We are ready to learn something that we didn’t know before.
And we might lose something dear to us.
And when we make ourselves truly vulnerable, ready to let go of everything we hold on to, we have faith.
Faith is the secret strength in vulnerability.
Faith that despite the darkness and the many losses-- we are created and saved in a true love that cannot be lost.
As our brother Paul reminds us, we are not made righteous by winning, by passing the test. This is not a human test with right answers and wrong answers.
We are made righteous by faith.
We are tested so that we can learn ourselves in hope, and become ourselves in the process.
Physicists who study the nature of matter, quantum mechanics, identify in the tiniest particles a strange property, called quantum superposition. I’m not an expert, but I understand the essential idea to be, that a tiny particle like an electron cannot be described as occupying a single position or a single path, the way large objects do, the way this glass or this microphone exists here in this one location, until it moves along a single path to another location.
Rather, the electron exists as a composite of all the possible paths or positions it might take. It’s not just that we don’t know where the electron is, but that truly the election does not have a single position or path.
It is only when human observers test this electron, that it collapses from occupying all those possible states, and takes a single path to a single destination.
This is in contrast with the classical Newtonian view of matter, that if we know enough about an object right now, we can predict with certainty its future state.
Quantum physicists says, No. Until we actually test a particle, the best we can know is its possibilities.
It seems that God has built into the very fabric of our world, the reality that the process of being tested, makes us who we are.

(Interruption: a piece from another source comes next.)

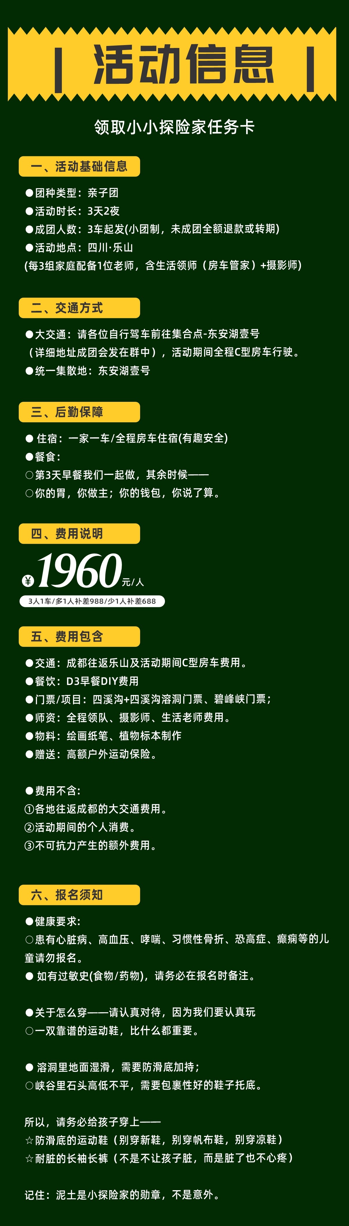 2.门票/项目:四溪沟+四溪沟溶洞门票、碧峰峡门票师资:全程领队、摄影师、生活老师费用。
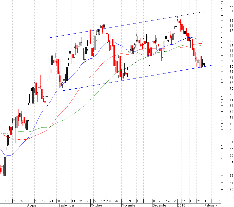 O teu gráfico dá uma visão mais "optimista" do título e, ao mesmo tempo, destaca o patamar actual (zona dos € 80,00 - € 81,00) como decisivo para a evolução da cotação no curto-prazo.

As we learn from our Gospel reading, God has compassion for us. God sees we are like sheep without a shepherd. We are a full and ready harvest with few laborers to gather us.
So God, having compassion, sends to us those who can heal, cure our diseases, cast out demons, and bring the dead back to life. God sends to us those who proclaim the good news, “The Kingdom of heaven has come near.” And God also sends us to do all these things.
In compassion, God has visited us, more than once!
God came to visit Sarah and Abraham, and ate their food and washed up under the tree outside their tent.
God came to visit Sarah and Abraham, and ate their food and washed up under the tree outside their tent.
God came to us again, to our towns, looking for welcoming hearts, and God gave us food and drink and washed our feet.
And God has promised to come again to visit us, and God us making us into who we are.
Unto him that loved us and washed us from our sins in his own blood,
And has made us kings and priests unto God and his Father
Unto him be glory and dominion forever and ever, Amen.